Digitas Standardized Application Deployment by Using Plural.

How Digitas Standardized Application Deployment by Using Plural

Ean Garcia-Rollings is the SVP of Technology at Digitas. His team chose Plural to help with the deployment of open-source applications on K8's.

Sam Weaver
Sam Weaver

I recently sat down with Ean Garcia-Rollings, an SVP of Technology at Digitas, the connected marketing agency that delivers better connections through Media-Fueled Creativity and data, insights, strategy, and innovative cross-channel executions. The 5,000-person company works with clients like Sephora, Crocs, and Delta Air Lines.

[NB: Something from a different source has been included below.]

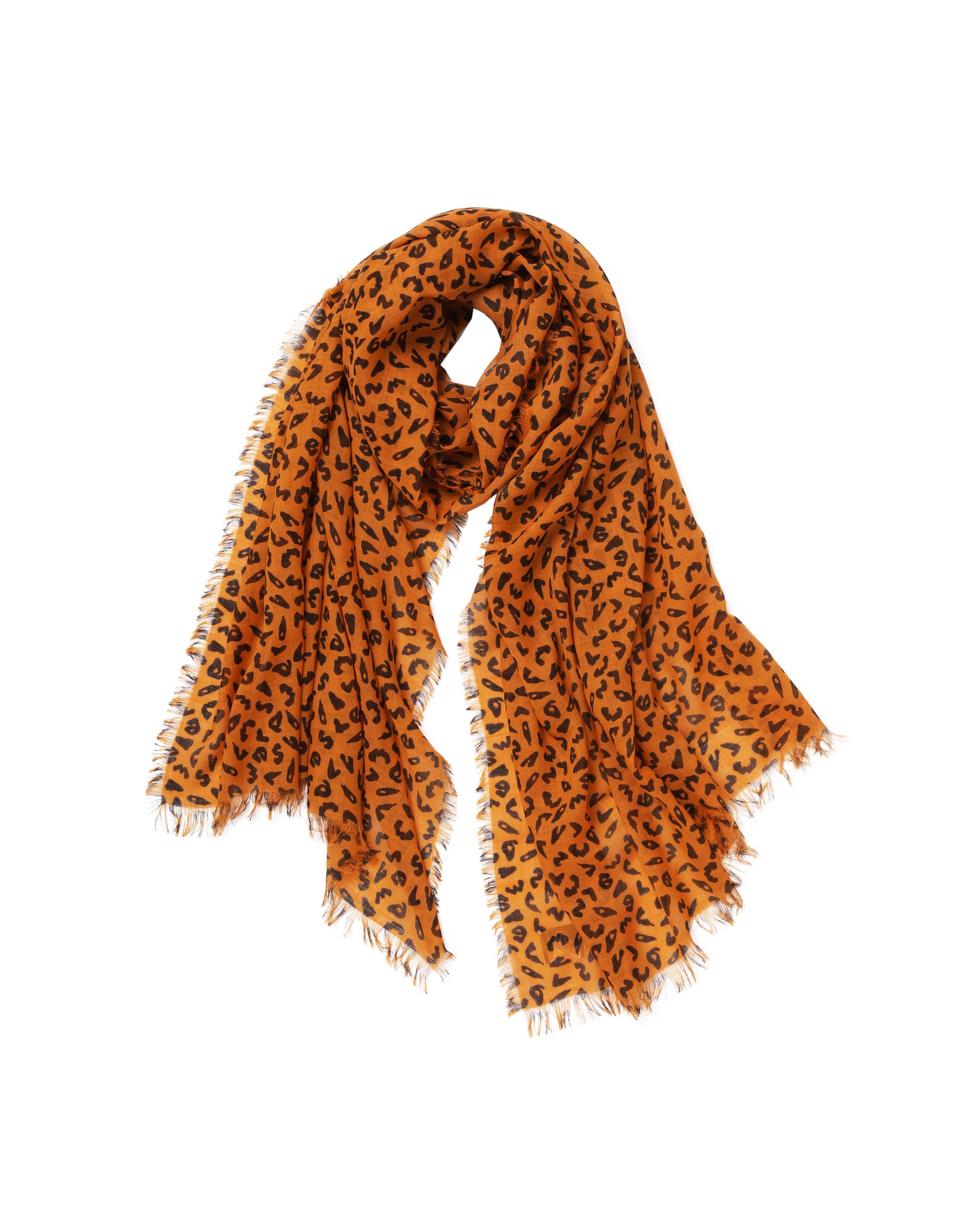 A custom vowels leopard print scarf, made with extra soft wool yarn.

Ean has been with Digitas for over 22 years and oversees data engineering across a handful of marketing agency clients.

“I have been with Digitas for a while now and worn different hats. One of them being DevOps and [now] data engineering has definitely been a growing need for our company over the last two decades,” he said.

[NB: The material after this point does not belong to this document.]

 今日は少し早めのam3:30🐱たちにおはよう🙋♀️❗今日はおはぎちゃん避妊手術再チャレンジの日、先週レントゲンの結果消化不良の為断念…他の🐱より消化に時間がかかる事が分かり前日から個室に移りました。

Nowadays, data is precious for marketing teams, who depend on it to optimize campaigns and ensure they are not overspending to acquire customers.

For Ean, standardizing a way to deploy all the applications a client might need to ingest, store and analyze that data was high up on his list of priorities.

Digitas chose Plural for standardizing app deployment on K8s

Ean said the process varies on a client-by-client basis, but identified these as the three most common options clients choose.

  1. Clients have their own data stacks and run them in their own environments.
  2. Digitas and the client utilize a shared environment where the client owns the stack, and Digitas runs the data stack on behalf of the client.
  3. Digitas sets up brand new data stacks for their clients on separate Kubernetes clusters and runs separate processes that are later all passed back to the client.

The third option listed above is the most popular one that most clients choose. However, it’s a manual process for the DevOps team at Digitas.

When onboarding a new client, they have to:

  • Spin up a brand new K8s environment for the particular client
  • Configure everything to ensure it is running smoothly (usually involves writing custom Terraform scripts)
  • Ensure all applications are good to go for production

Rather than continuing to do this manual process themselves, Ean’s team chose Plural to help them deploy open-source applications on Kubernetes.

“It was a lot easier to have a standardized process using Plural that already standardized these things to bootstrap the cluster and build upon that,” said Ean. “Plural allowed us to not have to reinvent the wheel.”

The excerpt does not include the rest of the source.